[Work to complete] Transcribe exactly, and without pictures, only the lines from the one bearing "ঐতিহাসিক ৭ নভেম্বর" through the final line of the data below.

[Collected material]
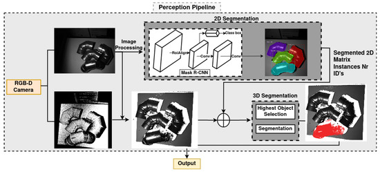 In this Section, we detail the full perception pipeline, from receiving the initial inputs to the segmented point cloud acquisition, describing the development of each process. The process of object segmentation is based on deep learning detection and point-cloud-segmentation methods and is responsible for detecting, selecting, and segmenting the best object to grasp, according to specific heuristics, such as the highest object, or the object segment with the most surface area, as briefly depicted in Figure 4 (adapted from [30]).
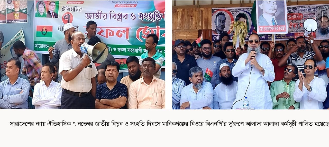 ঐতিহাসিক ৭ নভেম্বর জাতীয় বিপ্লব ও সংহতি দিবসে মানিকগঞ্জের ঘিওরে বিএনপি’র দু’গ্রুপে আলাদা আলাদা কর্মসূচী পালিত হয়েছে । এ উপলক্ষে
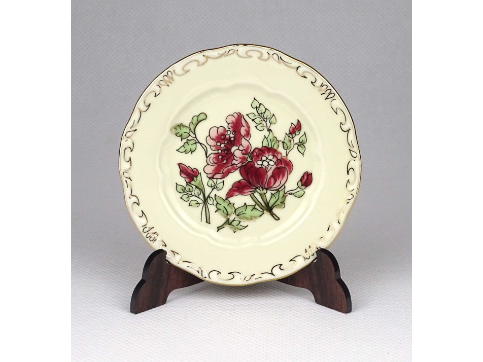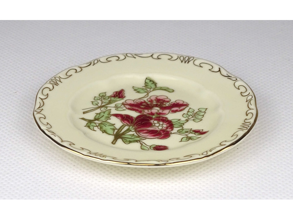 Vajszínű Zsolnay porcelán virágos tányérka 8.5 cm

[Worked solution]
 ঐতিহাসিক ৭ নভেম্বর জাতীয় বিপ্লব ও সংহতি দিবসে মানিকগঞ্জের ঘিওরে বিএনপি’র দু’গ্রুপে আলাদা আলাদা কর্মসূচী পালিত হয়েছে । এ উপলক্ষে
 Vajszínű Zsolnay porcelán virágos tányérka 8.5 cm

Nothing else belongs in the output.